Problem description » Please reproduce the listing word for word. Pictures stay out.

Data provided »
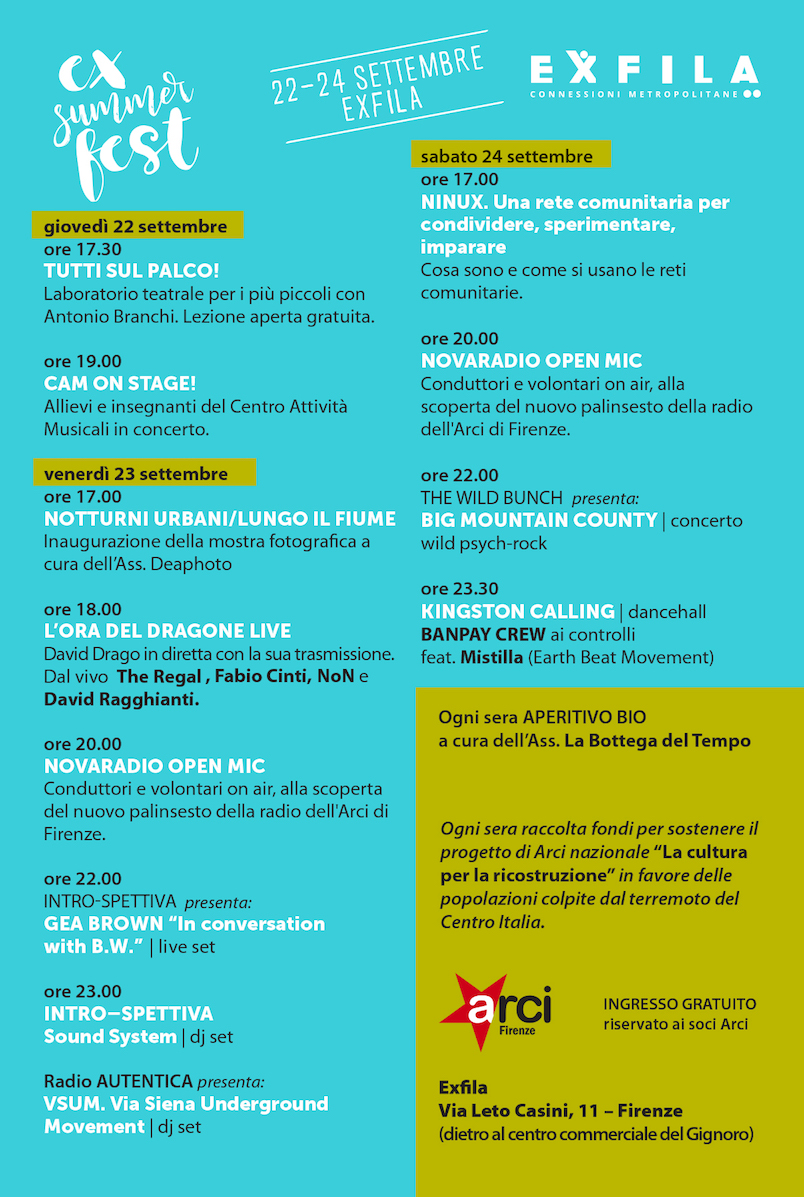 Ex Summer Fest 22-24 Settembre 2016 Vi inviatiamo alla seconda edizione del festival. Partecipate numerosi!
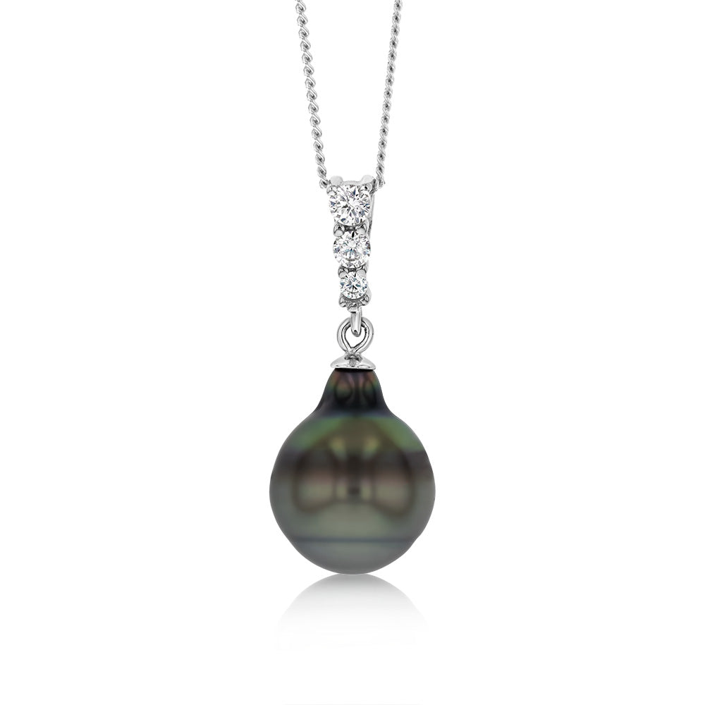Sterling Silver Tahitian Pearl & Zirconia Pendant
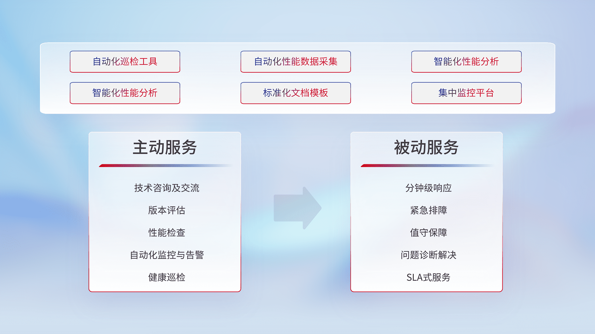 智能化工具和标准化文档,,保障服务质量,,,,提供主动服务(包含技术咨询、、版本评估、、、性能检查、、、、自动化监控与告警、、、健康巡检)和被动服务包含(分钟级响应、、、、紧急排障、、、、值守保障、、、问题诊断解决、、、SLA服务)。。。。
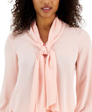 Anne Klein Women’s Chiffon Smocked-Cuff Bow Blouse
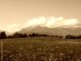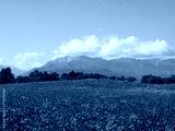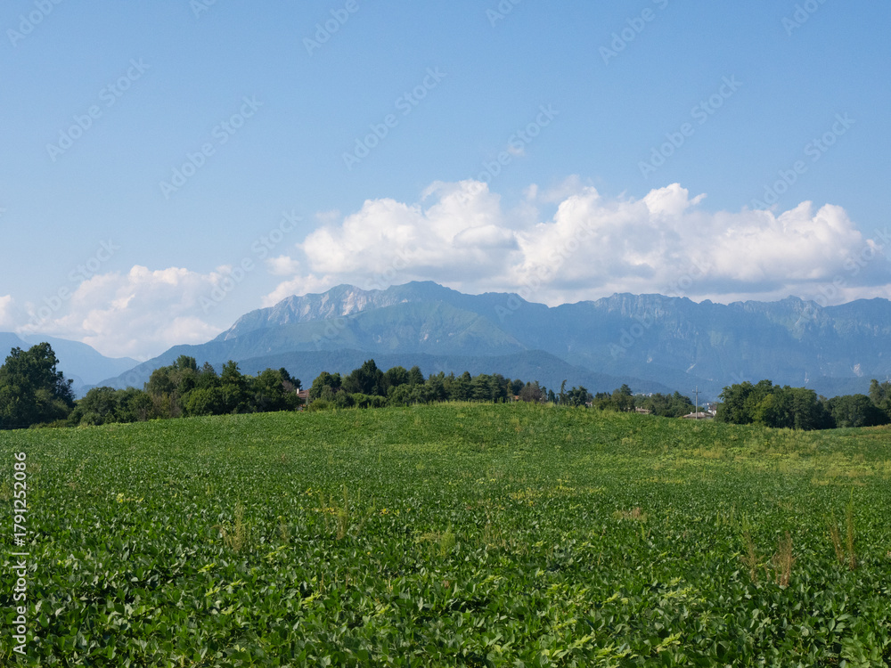Udinese, Italy - July 29th 2024: View over agricultural fields and forests towards the Southern Alps
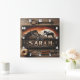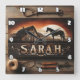 Un cartel de madera muy bien diseñado muestra el nombre de Sarah, con una silueta de caballo y un granero sobre un vibrante fondo de puesta de sol.
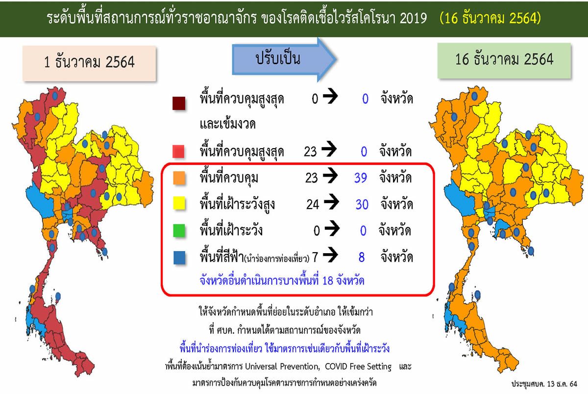 タイCOVID-19状況管理センター<the Centre for Covid-19 Situation Administration:CCSA>※は2021年12月15日(水)、タイ国内各都県における新型コロナウイルスの感染状況の変化に応じ、危険地域のゾーン分けの変更を決定・発表しました。12月16日より適用になります。

Exercise solution »
 Ex Summer Fest 22-24 Settembre 2016 Vi inviatiamo alla seconda edizione del festival. Partecipate numerosi!
Sterling Silver Tahitian Pearl & Zirconia Pendant
 智能化工具和标准化文档,,保障服务质量,,,,提供主动服务(包含技术咨询、、版本评估、、、性能检查、、、、自动化监控与告警、、、健康巡检)和被动服务包含(分钟级响应、、、、紧急排障、、、、值守保障、、、问题诊断解决、、、SLA服务)。。。。
 Anne Klein Women’s Chiffon Smocked-Cuff Bow Blouse
Udinese, Italy - July 29th 2024: View over agricultural fields and forests towards the Southern Alps
 Un cartel de madera muy bien diseñado muestra el nombre de Sarah, con una silueta de caballo y un granero sobre un vibrante fondo de puesta de sol.
 タイCOVID-19状況管理センター<the Centre for Covid-19 Situation Administration:CCSA>※は2021年12月15日(水)、タイ国内各都県における新型コロナウイルスの感染状況の変化に応じ、危険地域のゾーン分けの変更を決定・発表しました。12月16日より適用になります。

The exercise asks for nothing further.